The final straw was noticing a comment referring to "the most recent survey I know of" and realizing it was from May 2009. I think it is well past time for another survey, so here is one now.
I've tried to keep the structure of the last survey intact so it will be easy to compare results and see changes over time, but there were a few problems with the last survey that required changes, and a few questions from the last survey that just didn't apply as much anymore (how many people have strong feelings on Three Worlds Collide these days?)
Please try to give serious answers that are easy to process by computer (see the introduction). And please let me know as soon as possible if there are any security problems (people other than me who can access the data) or any absolutely awful questions.

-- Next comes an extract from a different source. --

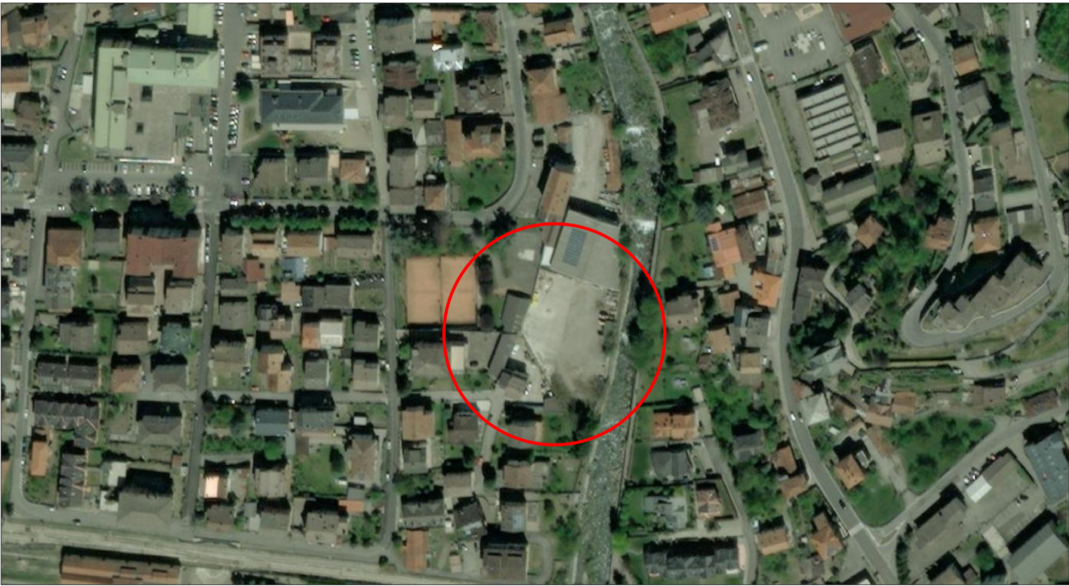
ORTOFOTO scala 1:2000

I will probably run the survey for about a month unless new people stop responding well before that. Like the last survey, I'll try to calculate some results myself and release the raw data (minus the people who want to keep theirs private) for anyone else who wants to examine it.
Like the last survey, if you take it and post that you took it here, I will upvote you, and I hope other people will upvote you too.
Survey taken.
I had fun doing the background research to be able to give a number to the P(Aliens) questions. :) The topic has, of course, come up many times, but never before for me in association with a community where the social norms favored a careful, quantitative answer.
When answering the Newton question, I was surprised at the shape of my probability distribution for the answer. It definitely wasn't a gaussian, a uniform distribution, or other form that I've worked with. This was simply due to the knowledge I started with, which was vague propositions rather than measurements. (i.e. I knew the right century and had a good idea when Newton was born, but didn't know when he died.) I'm quite curious what the distribution of responses will be for the year, since a historical date is the sort of thing we'd expect humans to make errors on, but not gaussian errors.
I enjoyed this too. Tried to calibrate Aliens 1 with Aliens 2, and found that what seemed like a modest estimate for Aliens 2 (still a shot in the dark due to too many Drake unknowns, but what the hell) created an enormous probability estimate for Aliens 1. More convinced than ever that we are not alone.